In line with other international security standards like the NIST framework, Cyber Essentials is a fantastic approach for those wanting to better understand their organisation’s cybersecurity defenses and the best practices for improving it.

A UK Small Business is hacked every 19 seconds

Small UK businesses bear the brunt of cyberattacks according to the latest industry reports. SecureTeam have crunched the numbers and put together an InfoGraphic which depicts how cybercrime is impacting UK small business. They have concluded UK small businesses are targeted with 65,000 cyberattacks per day, with one small business hacked every 19 seconds!

As expected, email is by far the most commonly used attack vector, and the security posture of small businesses is not sufficiently robust enough to withstand cyberattacks, knowledge which the cybercriminals clearly understand.

NCSC Cyber Essentials Scheme to be Streamlined

The UK National Cyber Security Centre (NCSC) CyberEssentials Scheme is to be streamlined from 1^st April 2020, with IASME named as sole partner.

It will become easier for UK businesses to protect themselves from the most common cyber-attacks as the UK government-backed cybersecurity scheme is streamlined.

• The Cyber Essentials Scheme is supported by the UK government to help businesses guard against the most common cyber threats.
• Over 30,000 UK businesses have gained Cyber Essentials certification since its launch in 2014 and this number is growing year on year.
• Naming IASME as the sole Cyber Essentials partner will streamline and grow the Scheme and ensure it keeps pace with the changing nature of the cybersecurity threat.

Cyber Essentials Scheme launched in 2014

Since its launch in 2014 the Cyber Essentials Scheme has helped to protect over 30,000 UK businesses from the most common cyber-threats. NCSC and IASME are committed to growing the Scheme, recognising its role in helping to make the UK one of the safest places to live and do business online.

The Cyber Essentials Scheme was developed to protect organisations against low-level “commodity threats”. It focuses on the five most important technical security controls that businesses should have in place to prevent malicious attacks. These controls were identified by the government as those that, if they had been in place, would have stopped the majority of the successful cyber-attacks over the last few years.

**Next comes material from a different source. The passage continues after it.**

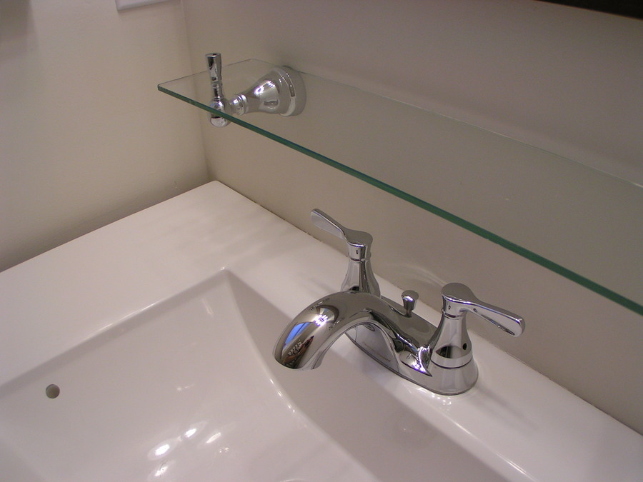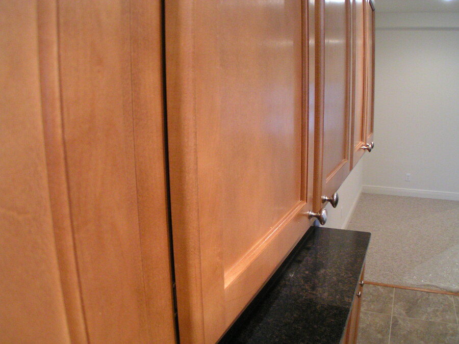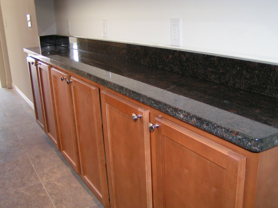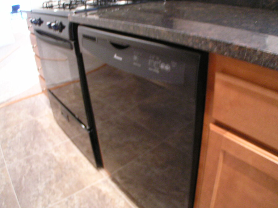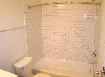 The sleek, contemporary kitchen is both stylish and practical, featuring granite countertops, warm red/caramel-toned cabinetry, black appliances, and a porcelain tile floor. The spa-like bathroom offers a dark wood vanity, marble flooring, and a clean, classic subway-tile tub surround.

The success of Cyber Essentials Scheme means that it remains at the heart of the UK Government’s National Cyber Security Strategy, but an extensive consultation process highlighted the need to evolve the Scheme.

Since its launch, Cyber Essentials has been delivered through multiple Accreditation Bodies and their respective Certification Bodies. In order to simplify the customer experience and improve consistency, the NCSC have appointed a single Cyber Essentials partner to take over running the Scheme from 1^st April 2020. This will make the Scheme easier to run on a day to day basis and streamline the development process to ensure Cyber Essentials remains relevant. From now until 1^st April 2020 the Scheme will be  very much business as usual with organisations able to gain accreditation from all five Accreditation Bodies.

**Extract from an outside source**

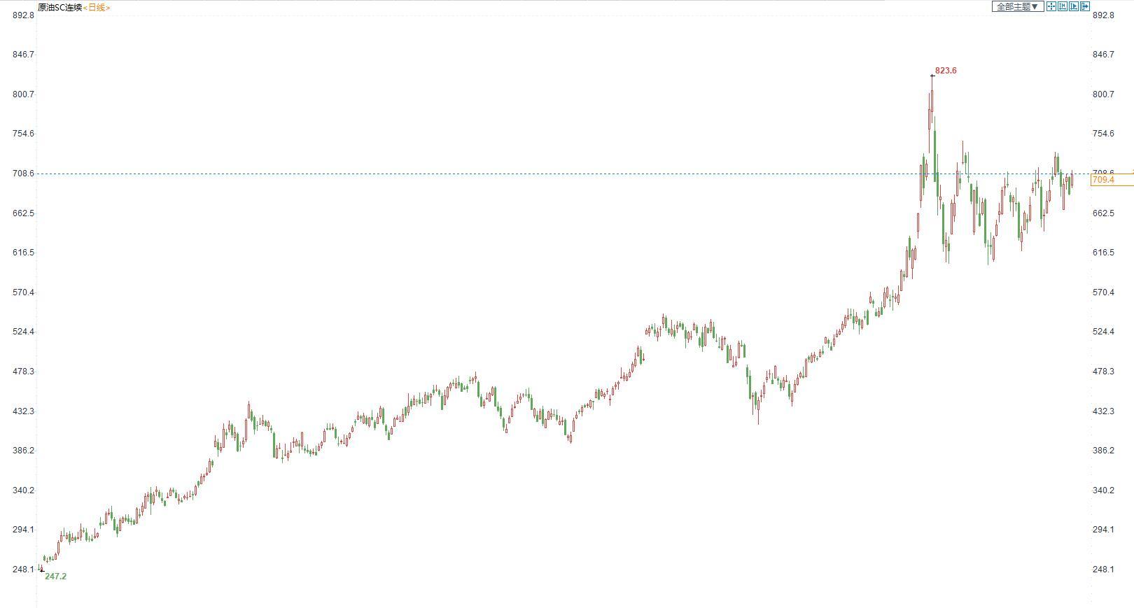 期货市场,布油小幅收涨,目前稳站日内均线之上,国内SC2207合约涨超3%,收盘价709.4。宏观方面,目前俄乌局势处于僵持阶段,短时间内欧盟对俄罗斯的能源制裁暂时告一段落了,短期建议关注关税政策的调整。供给方面,美国能源部发布从战略石油储备中出售原油的额外通知,出售战略石油储备中至多达4010万桶的原油,此次出售属于拜登总统3月31日宣布释放原油储备的一部分。库存方面,今日公布的API库存数据显示,原油库存小幅增加,但是汽油库存大幅下降,且库欣原油再次下降,侧面说明美国需求比较强劲。

The current Certification Bodies have been instrumental in the success of the Cyber Essentials Scheme. Existing Certification Bodies will be encouraged to apply to the new Cyber Essentials Partner to continue to provide Cyber Essentials as part of the revised scheme. The Scheme also welcomes new Certification Bodies or anyone from the cyber security industry interested in promoting the Scheme.

IASME Chief Executive, Dr Emma Philpott, MBE, said: “We are extremely excited about the prospect of working in partnership with the NCSC to develop and grow the Cyber Essentials scheme. We have seen such a positive effect already over the last 5 years where Cyber Essentials has increased the basic levels of security across all sectors. We are so pleased that we can be part of the future developments, working closely with the excellent Certification Bodies, trade bodies, police and other key stakeholders, to ensure further growth of the scheme.”

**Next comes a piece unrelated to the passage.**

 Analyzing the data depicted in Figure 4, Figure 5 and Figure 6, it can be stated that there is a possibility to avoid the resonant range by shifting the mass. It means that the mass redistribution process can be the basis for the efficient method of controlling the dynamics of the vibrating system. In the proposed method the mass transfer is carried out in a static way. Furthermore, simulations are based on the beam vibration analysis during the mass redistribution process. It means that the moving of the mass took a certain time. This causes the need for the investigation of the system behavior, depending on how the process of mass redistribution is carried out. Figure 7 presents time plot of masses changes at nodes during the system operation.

Anne W, NCSC Head of Commercial Assurance Services, added: “The NCSC is looking forward to working in partnership with the IASME team to ensure that the scheme continues to evolve and meet the cyber security challenges of tomorrow; a scheme that puts cyber security within reach of the vast majority of UK organisations.”

43% of Cybercrimes Target Small Businesses - Are You Next?

Cybercrimes cost UK small companies an average of £894 in the year ending February of 2018. Small businesses are an easy target for cybercrooks, so its little surprise that around about 43% of cybercrime is committed against small businesses. According to research conducted by EveryCloud, there is much more at stake than a £900 annual loss, with six out of ten small businesses closing within six months of a data breach.

Damage to a small company’s reputation can be difficult to repair and recover from following a data breach. Since the GDPR data privacy law came in force in May 2018, companies face significant financial sanctions from regulators if found negligent in safeguarding personal information. Add in the potential for civil suits the potential costs start mounting up fast, which could even turn into a business killer.  Case in point is political consulting and data-mining firm Cambridge Analytica, which went under in May 2018 after being implicated with data privacy issues related to its use of personal data held on Facebook. However, most small businesses taken out by cyber attacks don't have the public profile to make the deadly headlines.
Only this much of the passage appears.